(Beginning of Raw data)

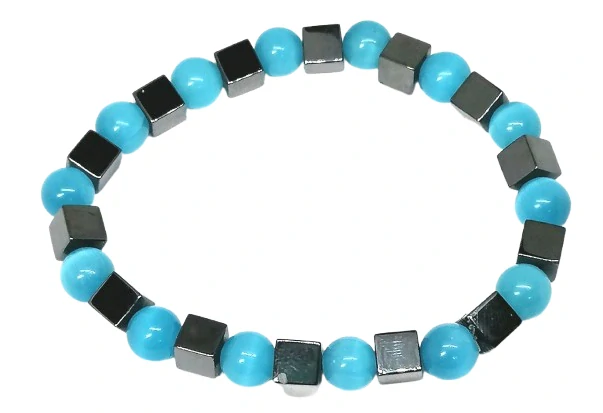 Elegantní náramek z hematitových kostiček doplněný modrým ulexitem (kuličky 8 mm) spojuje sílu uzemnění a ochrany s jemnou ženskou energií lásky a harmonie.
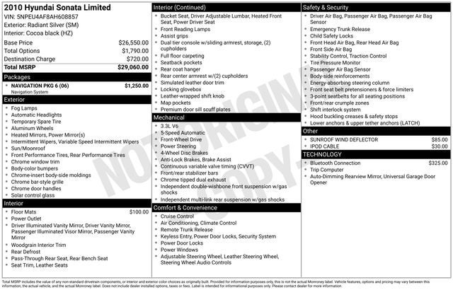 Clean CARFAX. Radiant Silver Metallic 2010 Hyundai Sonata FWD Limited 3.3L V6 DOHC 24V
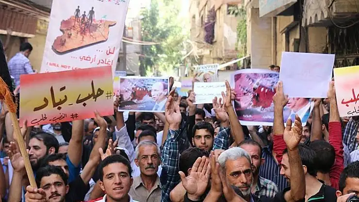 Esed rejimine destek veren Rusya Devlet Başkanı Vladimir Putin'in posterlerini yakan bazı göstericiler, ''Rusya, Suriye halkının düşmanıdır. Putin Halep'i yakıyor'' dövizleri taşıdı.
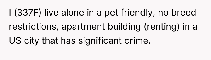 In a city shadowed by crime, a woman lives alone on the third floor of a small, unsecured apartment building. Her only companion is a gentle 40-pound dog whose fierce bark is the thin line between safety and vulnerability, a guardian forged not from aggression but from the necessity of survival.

(End of Raw data)

→ The task
Print exactly, and only, the lines from the one with "Clean CARFAX. Radiant" through the last line of the listing above. No pictures belong in the copy.

→ Expected answer
 Clean CARFAX. Radiant Silver Metallic 2010 Hyundai Sonata FWD Limited 3.3L V6 DOHC 24V
 Esed rejimine destek veren Rusya Devlet Başkanı Vladimir Putin'in posterlerini yakan bazı göstericiler, ''Rusya, Suriye halkının düşmanıdır. Putin Halep'i yakıyor'' dövizleri taşıdı.
 In a city shadowed by crime, a woman lives alone on the third floor of a small, unsecured apartment building. Her only companion is a gentle 40-pound dog whose fierce bark is the thin line between safety and vulnerability, a guardian forged not from aggression but from the necessity of survival.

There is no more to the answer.